Pause and predict: You apply the restricted Pod Security Standard to a namespace in enforce mode. A developer tries to deploy a pod with runAsNonRoot: false. Will the pod be created? What happens if the namespace was set to warn mode instead?

Secret Manager Integration

GKE integrates with Google Cloud Secret Manager through the Secret Manager add-on, which uses the Secrets Store CSI Driver to mount secrets as files in pods.

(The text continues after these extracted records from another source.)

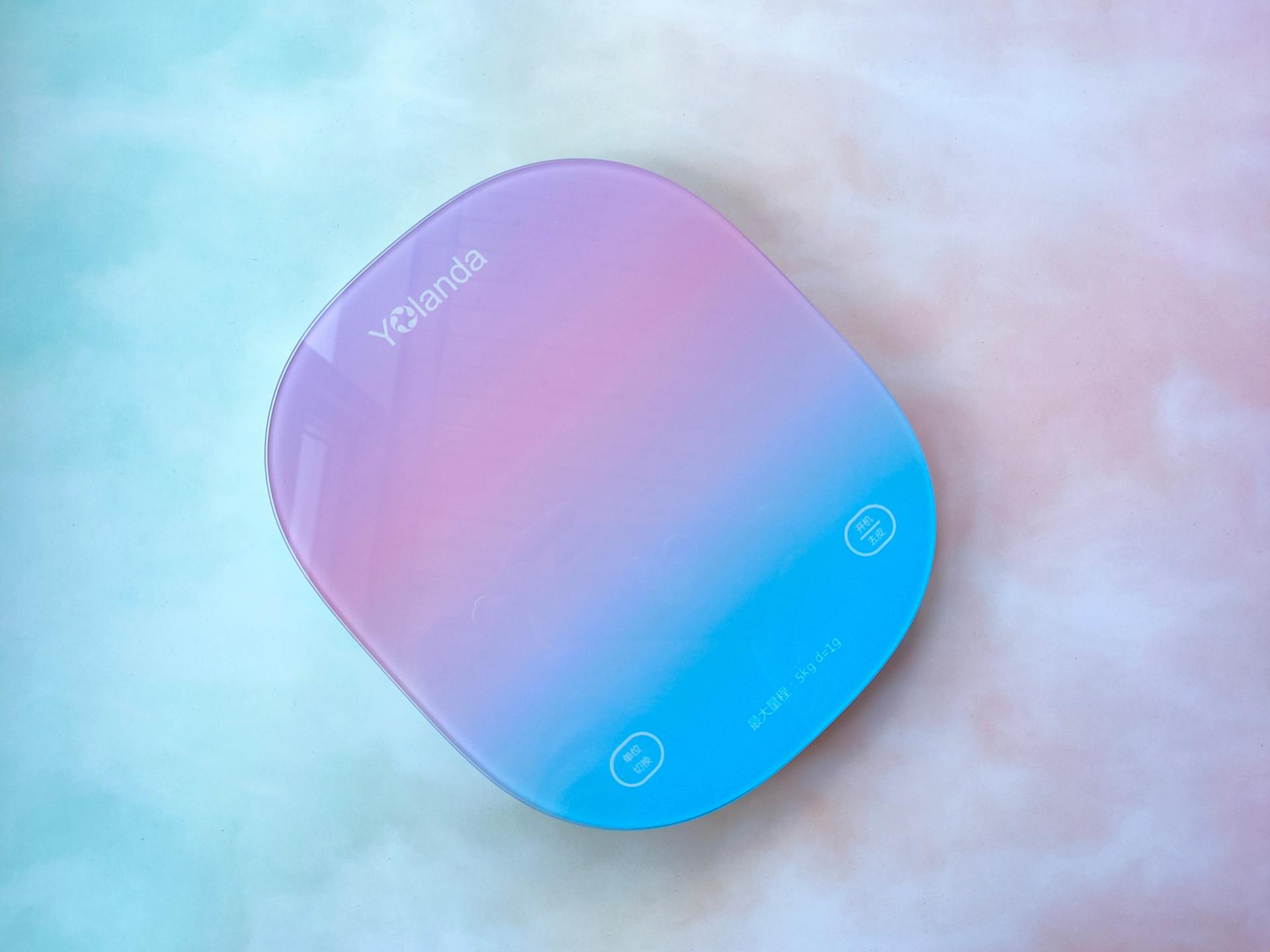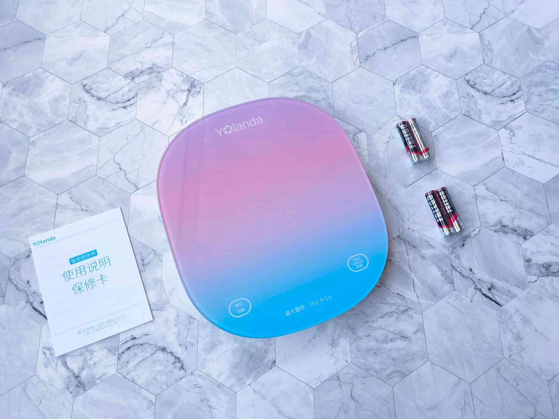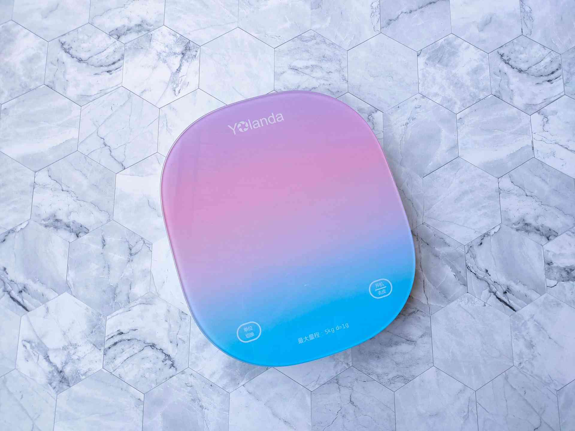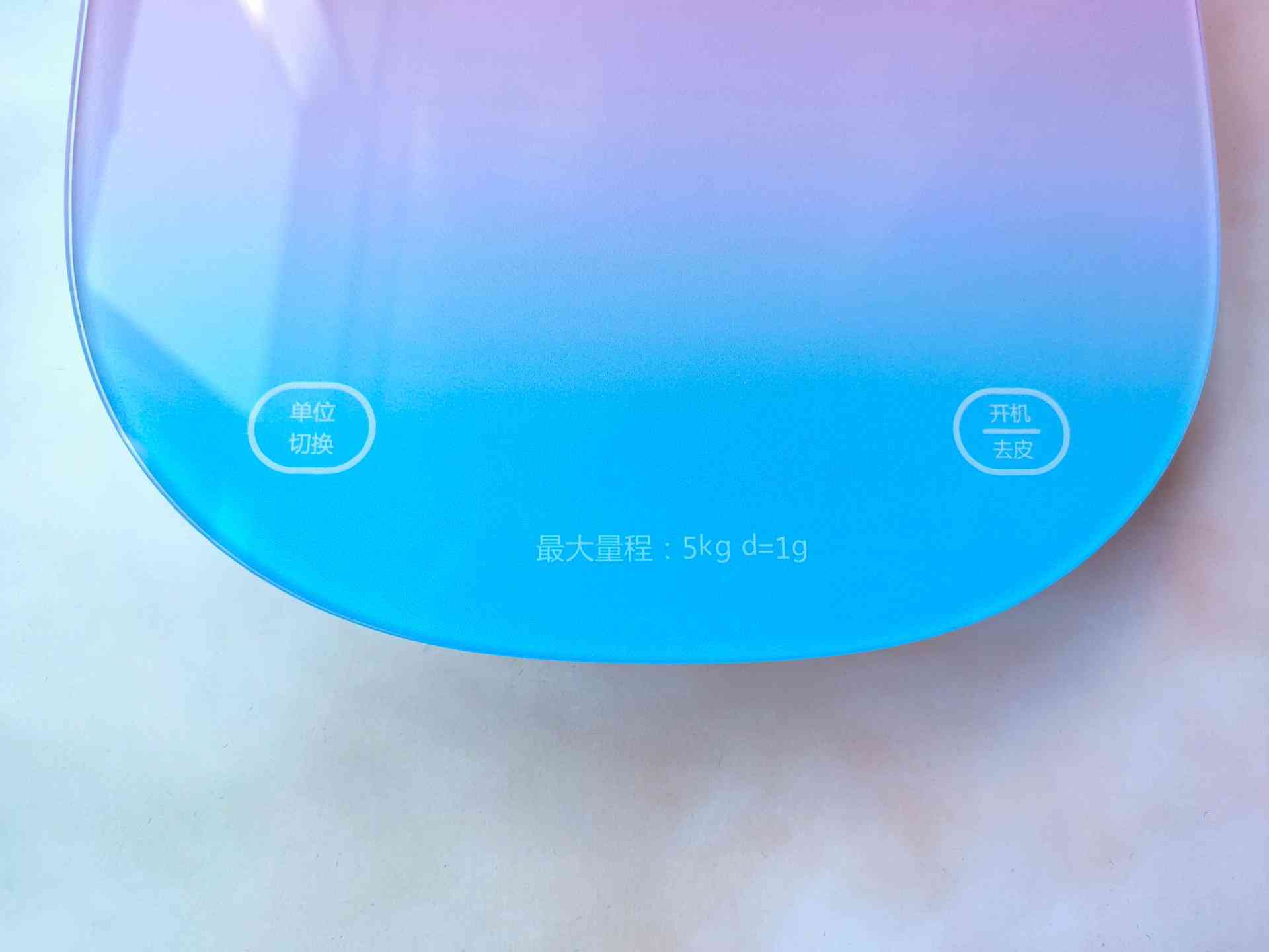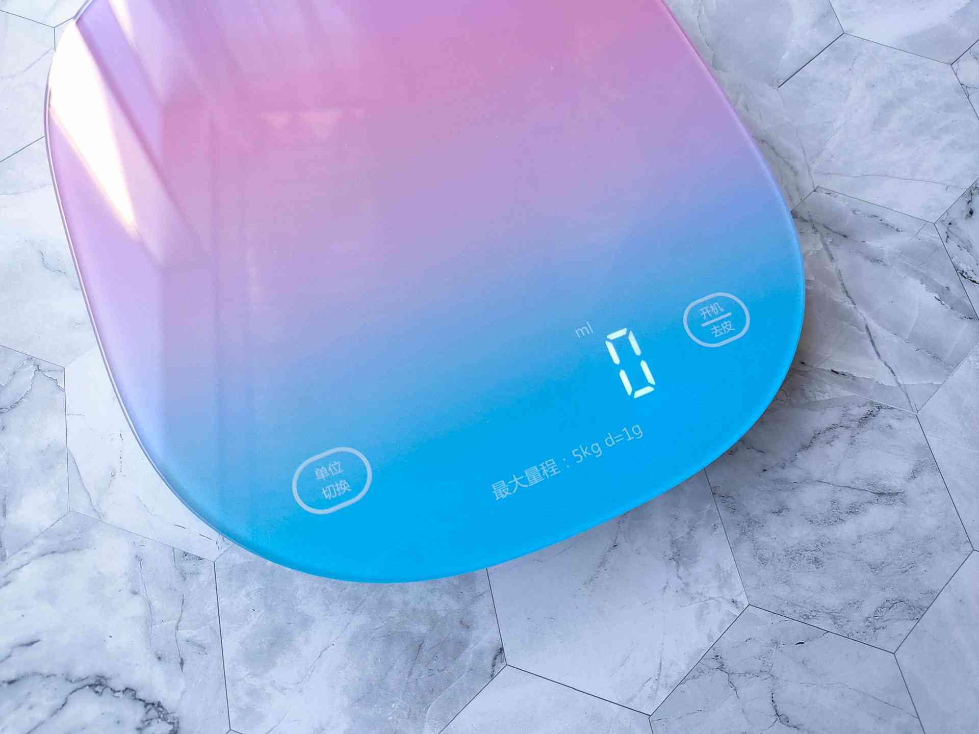 廚房秤這紅藍(lán)cp的漸變配色屬實(shí)漂亮,看著就很賞心悅目。全玻璃的表面,尤其是這種純平面的,清理起來也是異常方便,不論是掉上奶粉還是黃油又或者別的什么東東,都是一擦就干凈了。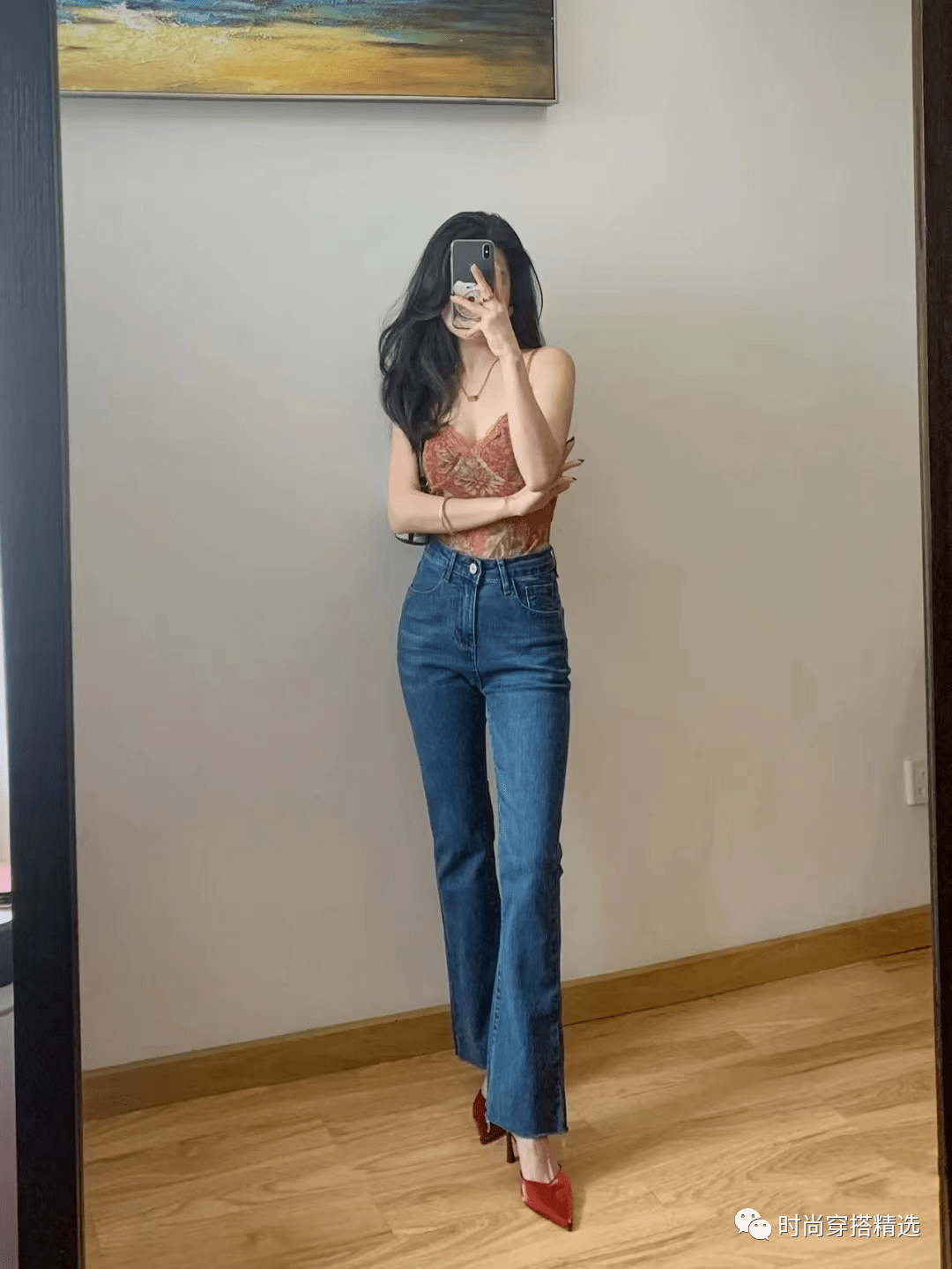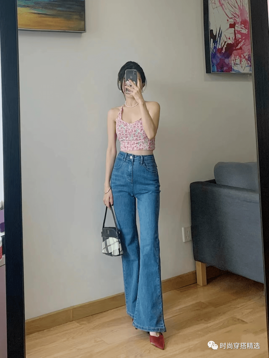 现在比较流行的微喇牛仔裤搭配各种吊带,既显时尚又有复古气息。
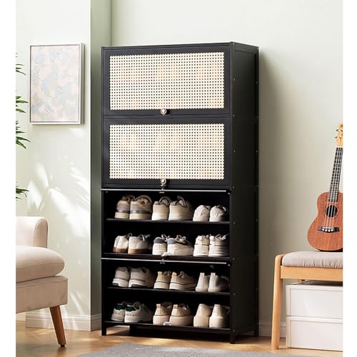 PPOIUYK Bamboo Shoe Storage Cabinet,Rattan Shoe Cabinet with Door Free Standing Shoe Rack Organizer for Entryway Bedroom Cloakroom Hallway,Black,70 * 32 * 73cm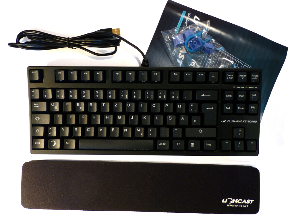 Doch auch eine kleine, unauffällige Tastatur kann technisch sehr komplex sein. Die Tasten haben eine angenehme Oberfläche und fühlen sich hochwertig an. Die Beschriftung ist klar lesbar, die Funktionstasten sind für die Alternativfunktionen vorne beschriftet. WASD-Tasten und Pfeiltasten heben sich wegen der blauen Beleuchtung leicht von den anderen Tasten ab, die Beschriftung ist hier ausgespart. Die Tasten können durch beiliegende, blaue Tasten ersetzt werden, um sie besser von den anderen Tasten abzuheben. Die schlichte Handballenauflage besteht aus einem mit Stoff überzogenen Schaumstoff, der die ganze Tastaturbreite ausfüllt und angenehm weich ist. Ob sie auch auf längere Sicht haltbar ist, wird sich erst erweisen müssen. Die Neigung der LK20 kann mit aufklappbaren Tastaturfüßen geändert werden. Die Tastatur hat keine Makrotasten, sondern lediglich ein paar Alternativfunktionen, wodurch beispielsweise die Multimediasteuerung realisiert wird. Die alternativen Funktionen werden mittels gleichzeitigen Druckes auf die Fn-Taste ausgelöst, welche die rechte Windowstaste ersetzt. Abgesehen davon und vom fehlenden Nummernblock, hat sich Lioncast sonst an das Standardlayout gehalten. Auf Wunsch kann auch die verbliebene Windowstaste deaktiviert werden. Auch die Beleuchtung wird mittels der Funktionstaste angepasst. Der WASD-Bereich und die Pfeiltasten können dezent blau beleuchtet werden. Es stehen drei Helligkeitsstufen und ein pulsierender Modus zur Verfügung.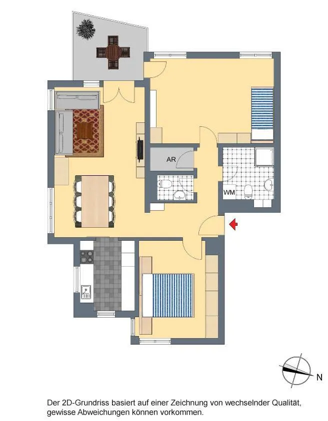 Der Grundriss der Wohnung ist günstig und zweckmäßig. Alle Räume sind vom Flur/Diele aus begehbar. Die Wohnung verfügt über einen Balkon und einen zusätzlichen Abstellraum in der Wohnung sowie ein zweites WC separat.

Setting Up Secret Manager CSI Driver

# Enable the Secret Manager add-on on the cluster
gcloud container clusters update my-cluster \
  --region=us-central1 \
  --enable-secret-manager

# Verify the driver is installed
kubectl get csidriver secrets-store.csi.k8s.io

# Create a secret in Secret Manager
echo -n "my-database-password" | gcloud secrets create db-password \
  --data-file=- \
  --replication-policy=automatic

# Grant the workload's GCP SA access to the secret
gcloud secrets add-iam-policy-binding db-password \
  --member="serviceAccount:app-sa@$PROJECT_ID.iam.gserviceaccount.com" \
  --role="roles/secretmanager.secretAccessor"

Mounting Secrets in Pods

# SecretProviderClass defines which secrets to mount
apiVersion: secrets-store.csi.x-k8s.io/v1
kind: SecretProviderClass
metadata:
  name: gcp-secrets
spec:
  provider: gcp
  parameters:
    secrets: |
      - resourceName: "projects/PROJECT_NUMBER/secrets/db-password/versions/latest"
        path: "db-password"
      - resourceName: "projects/PROJECT_NUMBER/secrets/api-key/versions/latest"
        path: "api-key"

---
apiVersion: v1
kind: Pod
metadata:
  name: app-with-secrets
spec:
  serviceAccountName: app-sa  # Must have Workload Identity configured
  containers:
  - name: app
    image: us-central1-docker.pkg.dev/my-project/repo/app:v1
    volumeMounts:
    - name: secrets
      mountPath: /var/secrets
      readOnly: true
    resources:
      requests:
        cpu: 100m
        memory: 128Mi
  volumes:
  - name: secrets
    csi:
      driver: secrets-store.csi.k8s.io
      readOnly: true
      volumeAttributes:
        secretProviderClass: gcp-secrets

# After deploying, verify the secret is mounted
kubectl exec app-with-secrets -- cat /var/secrets/db-password
# Output: my-database-password

# Secrets are NOT stored in etcd, reducing the blast radius
# if the cluster's etcd encryption is compromised

Secret Manager vs Kubernetes Secrets

Aspect	Kubernetes Secrets	Secret Manager + CSI
Storage	etcd (in cluster)	Google-managed (external)
Encryption at rest	Application-layer encryption	Automatic, Google-managed keys or CMEK
Versioning	No (replace only)	Full version history
Rotation	Manual (update + rollout)	Automatic with periodic sync
Audit logging	Kubernetes audit logs	Cloud Audit Logs (who accessed what, when)
Cross-cluster sharing	Not supported	Same secret across clusters/projects
Access control	RBAC (namespace-scoped)	IAM (project/org-scoped)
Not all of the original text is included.